PROMPT: Only the lines below from the one with "Чайник электрический SAKURA" through the one with "أحداث اليوم - صدرت" are to be written out, exactly and without any images.

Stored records
+ + +
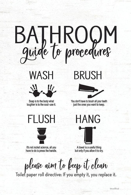 Bathroom Guide White Modern Wood Framed Art Print with Double Matting by Lettered and Lined
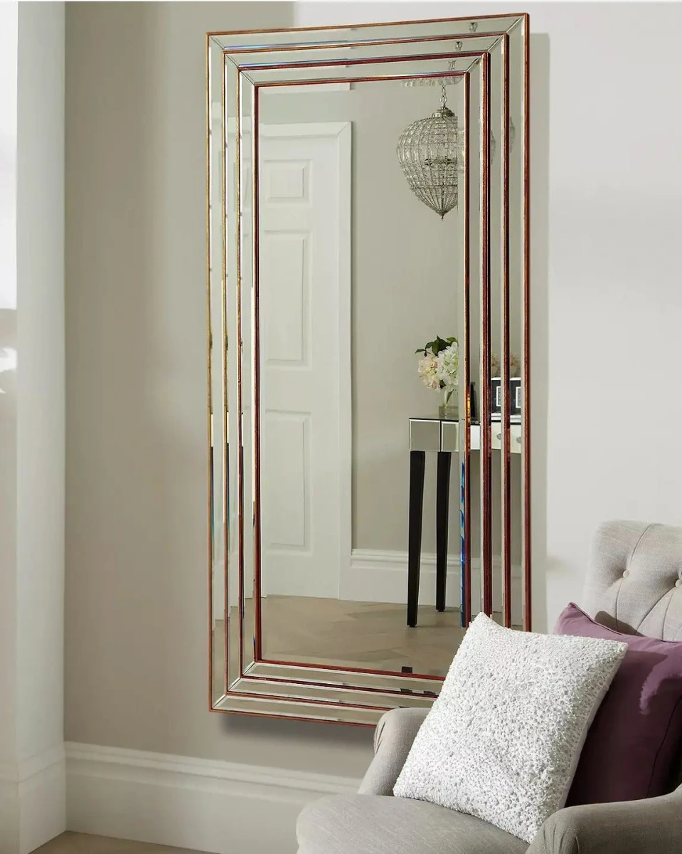 Золотое зеркало в полный рост “Ар-Деко” - это изысканное и стильное дополнение к вашему интерьеру. Оно выполнено в простом, но эффектном дизайне, который станет ярким акцентом в любом помещении. Главной особенностью этого зеркала является его большое отражающее полотно. Оно позволяет получить полный обзор в вашем отражении, от головы до пят. Такое зеркало идеально подойдет для использования в спальне или гардеробной, где вам важно видеть себя во всей красе и проверять свой образ перед выходом. Особое внимание заслуживает его багет. Багет представляет собой три ступени одинаковой высоты, которые обрамляют отражающую поверхность. Багет также имеет дополнительные декоративные элементы. Тонкие прямоугольные полосы из дерева добавляют особый шарм и создают эффектный контраст с зеркальными полосками. Такое сочетание материалов делает раму зеркала гармоничной и завершенной. Золотое зеркало в полный рост “Ар-Деко” идеально впишется в различные стили интерьера. Оно станет удачным дополнением к классическому, современному и ар-деко. Благодаря своей универсальности, оно найдет свое место в любой комнате вашего дома или офиса.
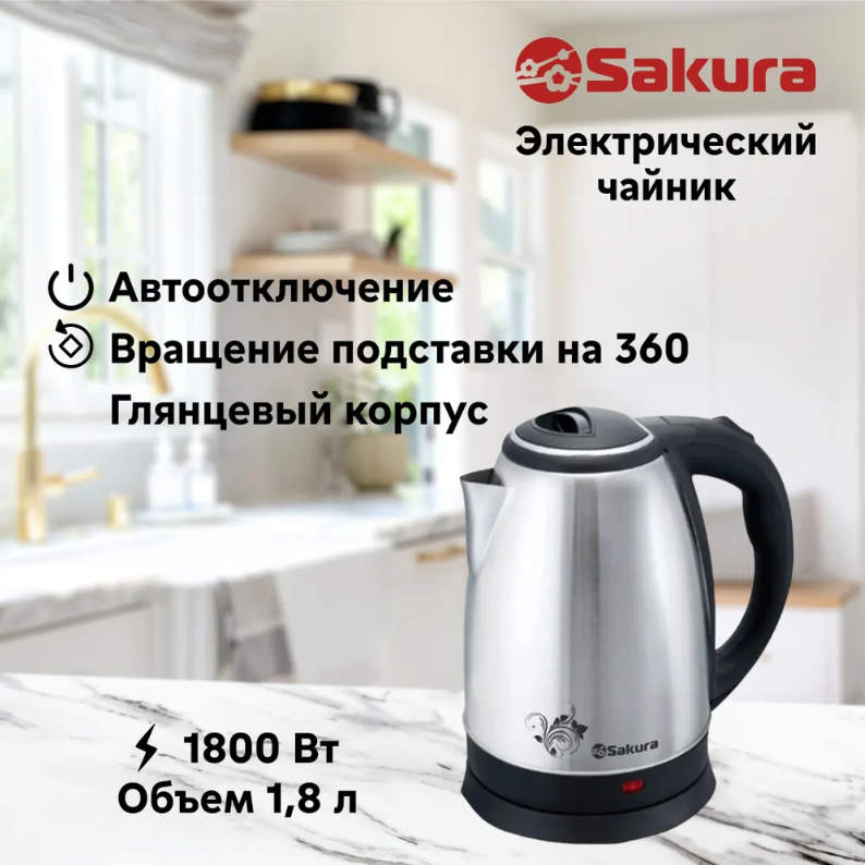 Чайник электрический SAKURA SA-2134S STANDART 1,8л нержавейка глянцевая
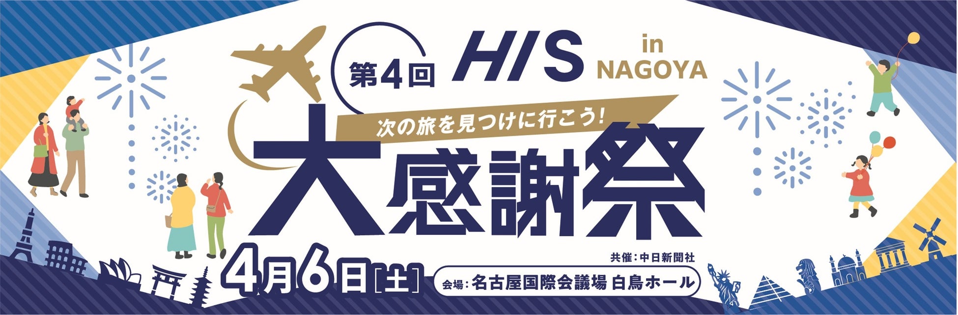 今年2月23日(金・祝)・24日(土)の2日間に渡り東京で開催された第3回「HIS大感謝祭」では、2日間で延べ14,000人のお客様にご参加いただきました。近づくGW、夏休みを前に、次の旅先を検討する場として、第4回目を名古屋で開催することが決まりました。
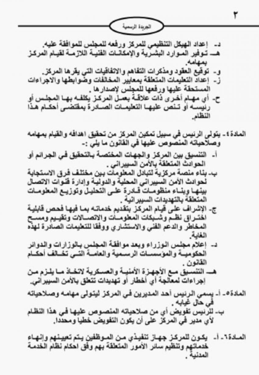 أحداث اليوم - صدرت الإرادة الملكية في عدد الجريدة الرسمية الخميس بوضع نظام المركز الوطني للأمن السيبراني.ويدخل النظام حيز التنفيذ بعد 24 ساعة من نشره في الجريدة الرسمية.وفي ما يلي نص النظام:
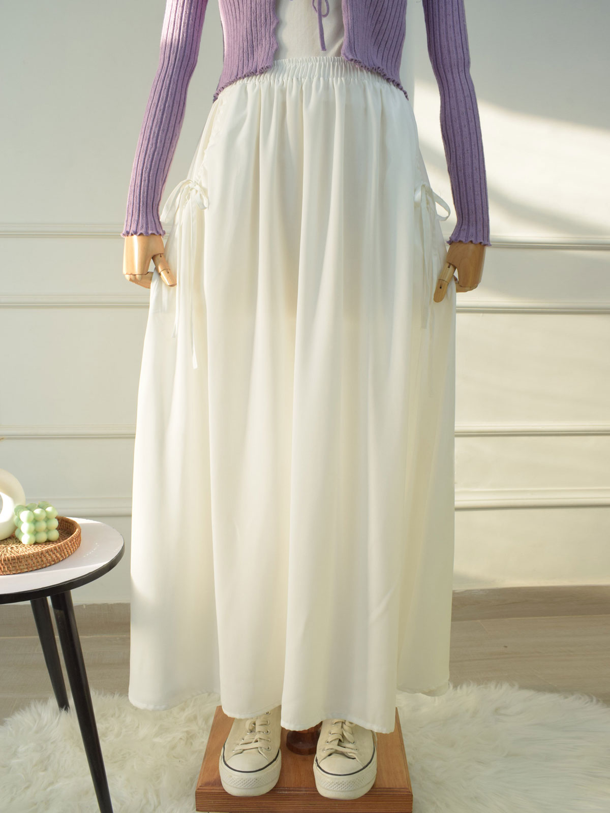 A versatile neutral skirt that pairs with any top-featuring side pockets with adjustable drawstrings you can tie into cute bows.
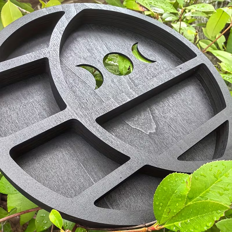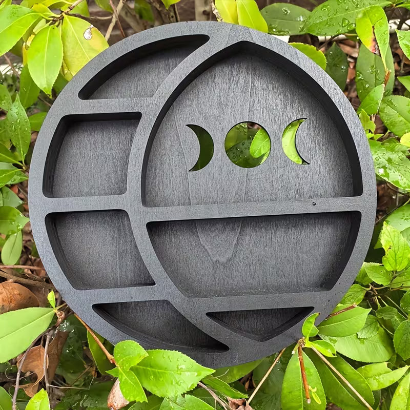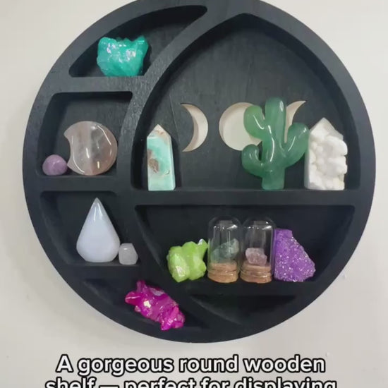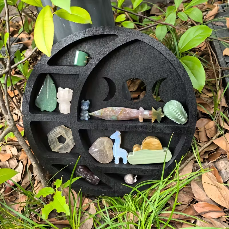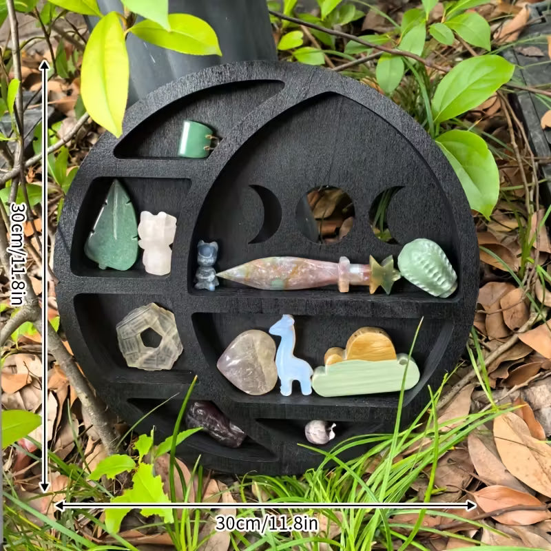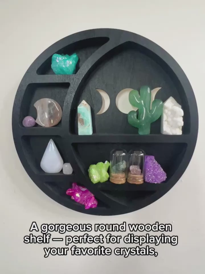 Showcase your crystals and small décor pieces with this Crystal Wooden Moon Shelf Set, featuring both a crescent‑moon shelf and a matching round shelf.
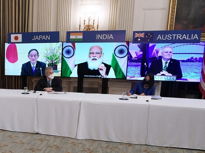 13일 미국 워싱턴 백악관의 다이닝룸에서 열린 온라인 정상회의는 조 바이든 미국 대통령을 비롯해 스가 요시히데 일본 총리와 나렌드라 모디 인도 총리, 스콧 모리슨 호주 총리 등이 참석해 현안을 논의한 것으로 전해진다.
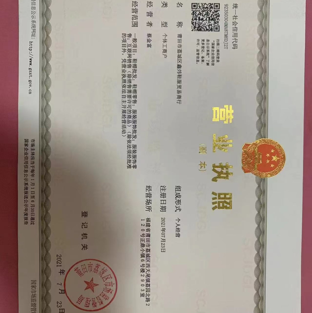 莆田市荔城區(qū)鑫煒鞋服貿(mào)易商行
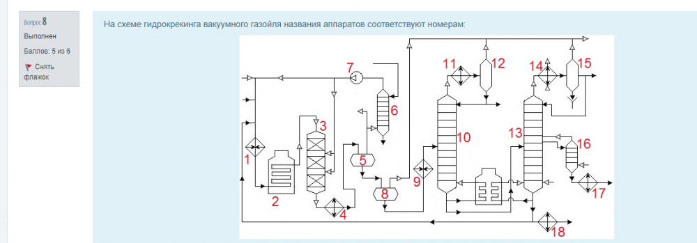 На схеме гидрокрекинга вакуумного газойля названия аппаратов соответствуют номерам:
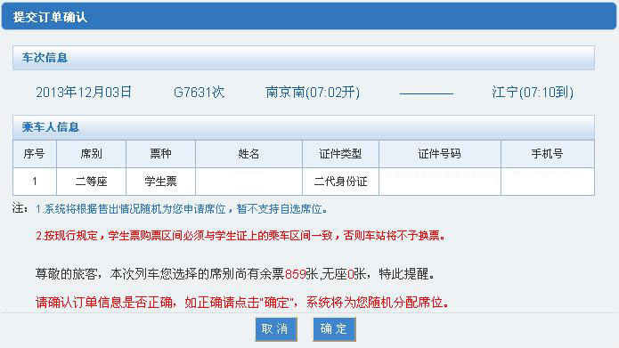 9、點擊“預訂”按鈕后填寫乘車人信息,然后提交訂單
+ + +
WRITTEN RESPONSE:
 Чайник электрический SAKURA SA-2134S STANDART 1,8л нержавейка глянцевая
 今年2月23日(金・祝)・24日(土)の2日間に渡り東京で開催された第3回「HIS大感謝祭」では、2日間で延べ14,000人のお客様にご参加いただきました。近づくGW、夏休みを前に、次の旅先を検討する場として、第4回目を名古屋で開催することが決まりました。
 أحداث اليوم - صدرت الإرادة الملكية في عدد الجريدة الرسمية الخميس بوضع نظام المركز الوطني للأمن السيبراني.ويدخل النظام حيز التنفيذ بعد 24 ساعة من نشره في الجريدة الرسمية.وفي ما يلي نص النظام:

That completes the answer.